The interplay between spatiotemporal overlap and morphology as determinants of microstructure suggests no 'perfect fit' in a bat-flower network

Abstract

Plant-pollinator interactions in diverse tropical communities are often predicted by a combination of ecological variables, yet the interaction drivers between flower-visiting bats and plants at the community level are poorly understood. We assembled a network between Neotropical bats and flowering plants to describe its macrostructure and to test the role of neutral and niche variables in predicting microstructure. We found a moderately generalized network with internally nested modules comprising functionally similar plant and bat species. Modules grouped bats and plants with matching degrees of specialization but had considerable overlap in species morphologies and several inter-module interactions. The spatiotemporal overlap between species, closely followed by morphology, and not abundance, were the best predictors of microstructure, with functional groups of bats also interacting more frequently with plants in certain vegetation types (e.g., frugivores within forests) and seasons (e.g., long-snouted nectarivores in the dry season). Therefore, flower-visiting bats appear to have species-specific niche spaces delimited not only by their ability to exploit certain flower types but also by preferred foraging habitats and the timing of resource availability. The prominent role of resource dissimilarity across vegetation types and seasons likely reflects the heterogeneity of Neotropical savannas, and further research in biomes beyond the Cerrado is needed to better understand the complexity of this system.

Figure 1

Spatiotemporal trends of bat capture rates of the most frequent floral visitors in the study site. Temporal trends in the relative frequency (in relation to all captured in a given month) of specialized nectarivorous bats (a) and mainly frugivorous bats (b) throughout the year. A dashed line separates the dry and rainy seasons. Spatial trends in the relative frequency of nectarivorous (c) and frugivorous bats (d) according to habitat type.

Figure 2

Interaction network between flower-visiting phyllostomid bats and plants in a savanna of central Brazil. Nodes represent species and lines, pairwise interactions. Line width corresponds to interaction weight (frequency) and node size to a species’ degree, or the sum of a species’ interactions. Plants are divided into chiropterophilous, non-chiropterophilous, or unknown syndromes. Modules in the network are divided by dashed lines and accompanied by a schematic illustration of the most important bat species in the module. Species codes are found in Supplementary Tables S1 and S2.

Figure 3

Density distribution of morphological variables from species in the network across modules. (a) Bats (RCR—rostrum-cranium ratio, and BCI—body condition index); (b) plants (FTL—floral tube length, and COD corolla outermost diameter).

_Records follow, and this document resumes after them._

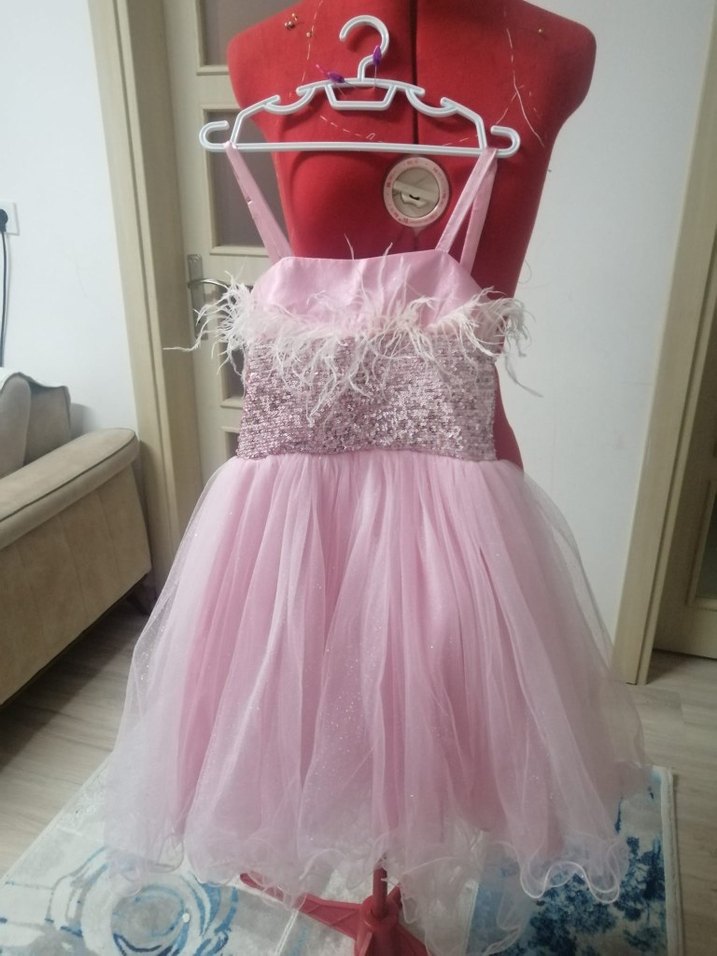 Pastel pembe renkli, nakış detaylı, askılı ve straplez yakalı, fit kesim kız çocuk elbisesi. Bohem tarzda, tül ve fırfırlı tasarım, yumuşak sentetik kumaşla üretilmiştir.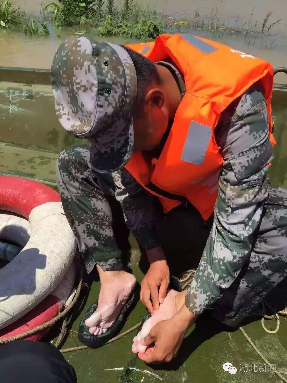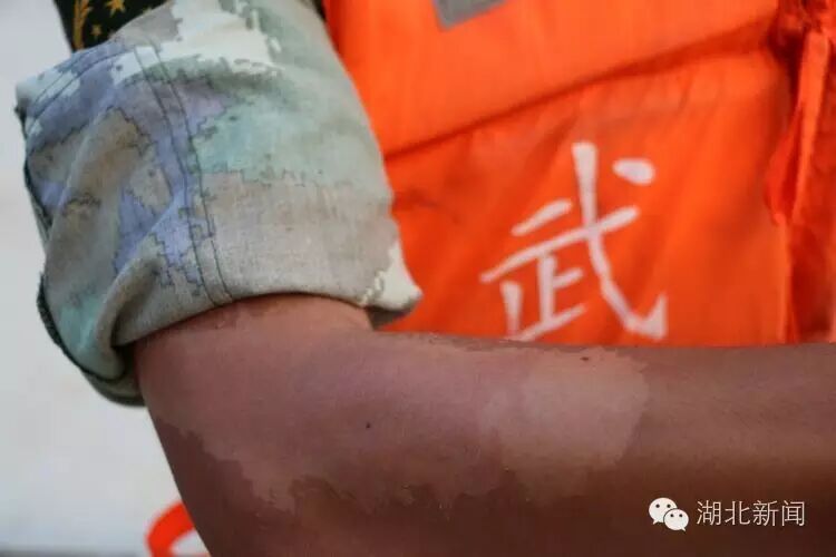 湖北“出梅”已五天,全省迎接高温“烤验”,但防汛抗灾仍在持续,抗洪战士们也依然在坚守。他们的额头满是汗水、脚掌泡到发白、手上满是伤口、手臂和背晒到脱皮……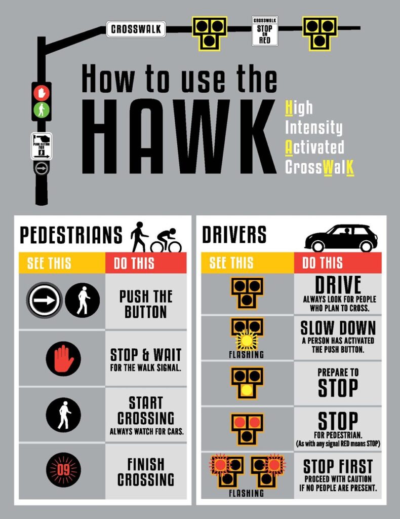 HAWK signals are used at locations where traffic volumes, speeds or road width make crossings more challenging. They provide a higher level of safety by stopping traffic when activated, while still allowing traffic to flow normally when not in use. This makes them a strong fit for busy or complex crossings where a standard crosswalk or flashing beacon may not provide enough protection.
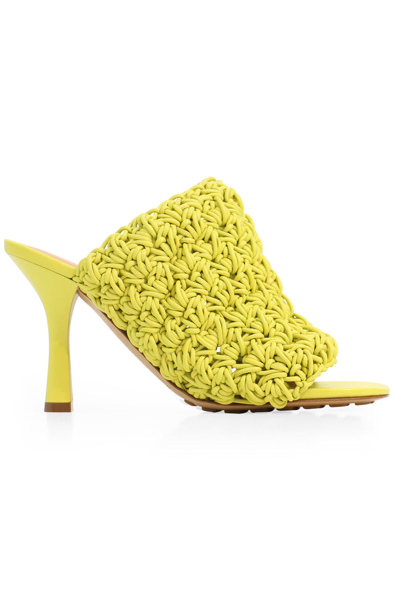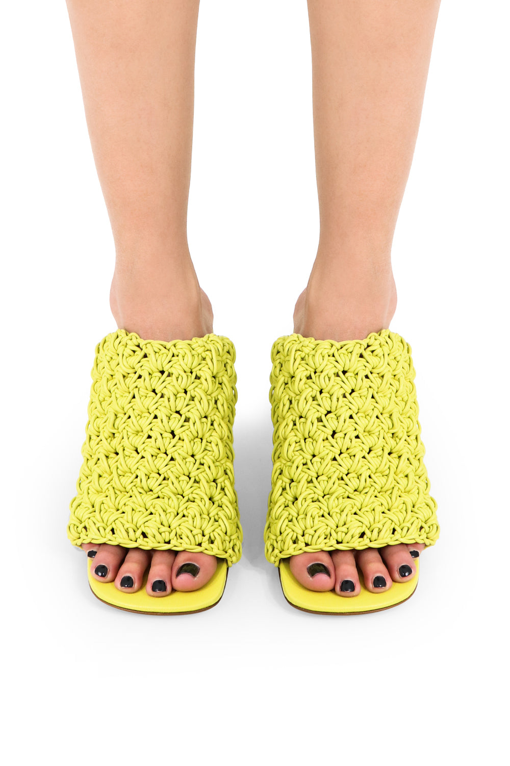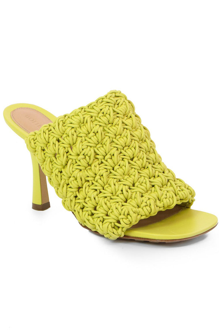 Bottega Veneta板骡子在梨中,带着广场脚趾和一个引人注目的钩针启发皮革编织宽带。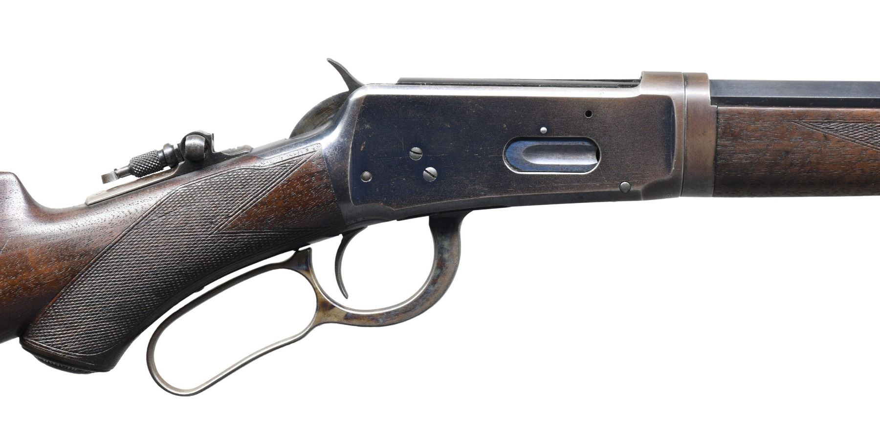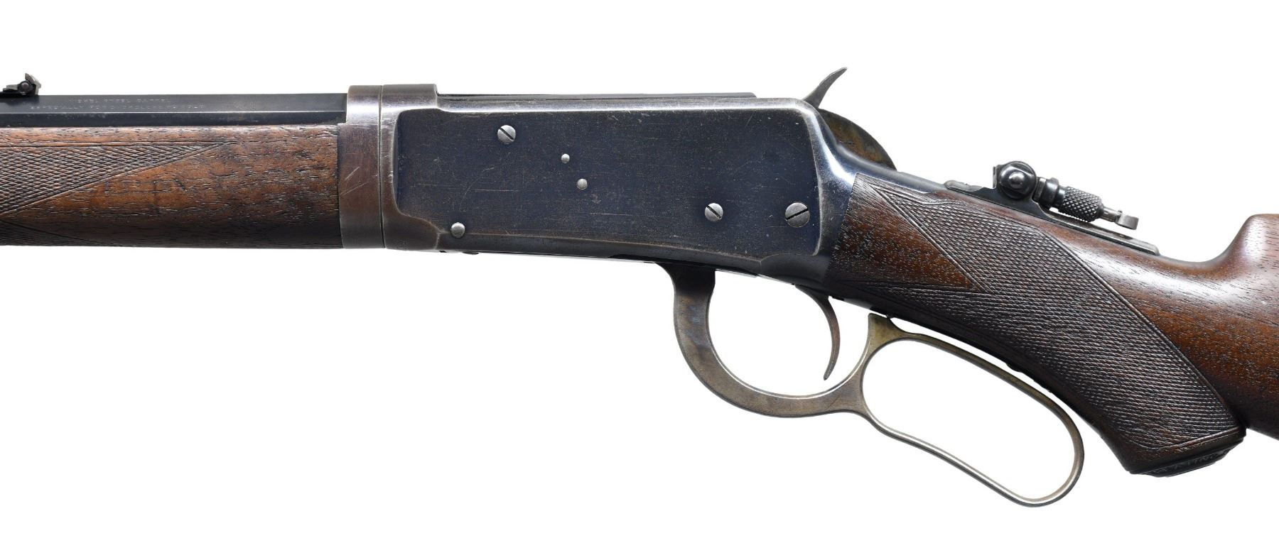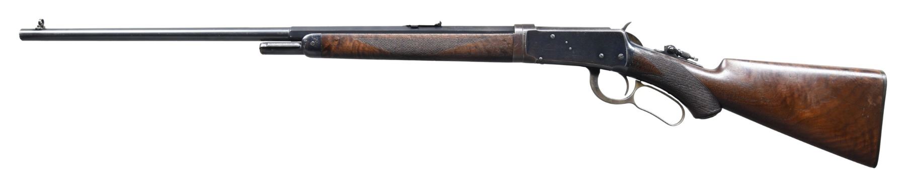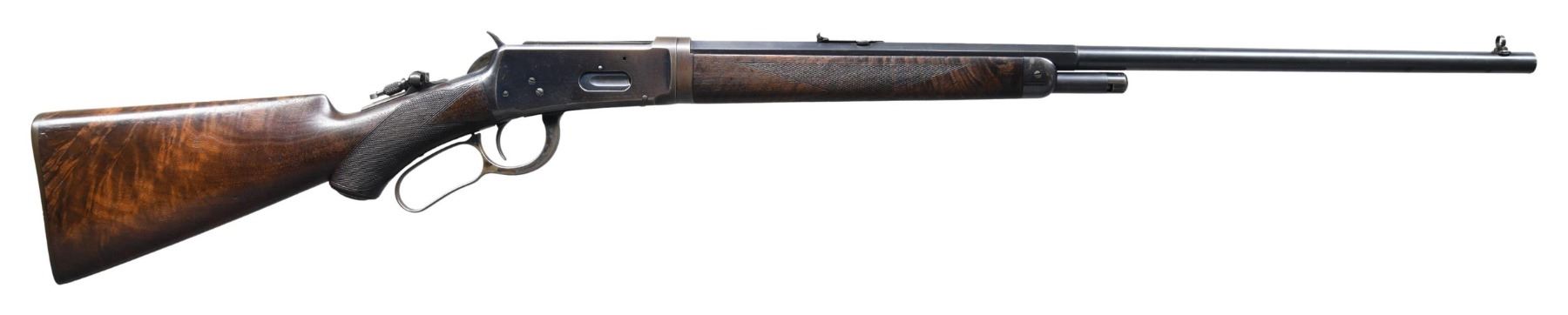 DELUXE TAKEDOWN LEVER ACTION RIFLE. Cal. 30 WCF. S# 62294. Bbl. 26" octagon to rnd. takedown style. globe front sight, 34-B Express rear sight and combination tang sight. 1/2 length takedown mag. Blue finish with case colored hammer and lever. Forearm and hard rubber capped pistol grip stock of XX fancy black walnut, with hard rubber shotgun buttplate. Stock and forearm have factory style H hand checkering. Left inside of lower tang is marked with assembly # "7431", followed by "RB", and "OH". Top tang channel of stock has matching markings. UNATTACHED ACCESSORIES: Cody Firearms record stating "Caliber: 30/ Barrel Type: 1/2 Octagon/ Trigger: Plain/ Checkered stock, Pistol grip/ Sights: Lyman front and rear/ 1/2 Magazine/ Shotgun butt, Rubber buttplate/ Takedown/ Oil Finish/ Received in warehouse on August 28, 1899/ Shipped from warehouse on August 28, 1899, Order number 34209". CONDITION: over 80% original blue, showing edge wear, with scattered scratches, marks, and small spots of very light pitting. Hammer and lever retain some visible case colors on their sides. Original wood has moderately worn finish and checkering, showing numerous scratches, marks, and small dents. Mechanically fine. Bright bore, retains strong rifling. (25-3576/DS). CURIO. $6,000-8,000.

Module names correspond to those in Fig. 1. Solid red lines show the mean of each variable for all species pooled, and dashed lines indicate the standard deviation.

Figure 4

The likelihood of different interaction probability models of explaining pairwise interaction frequencies in the observed network. Model fit is expressed in their variation in the Akaike Information Criterion relative to the observed matrix. Models are organized from best fit (top) to worst fit (bottom). (a) Full network, (b) nectarivores only, and (c) other guilds only. Model labels—M: morphological specialization, A: relative abundance, S: spatial overlap, P: phenological overlap, Null: benchmark null model.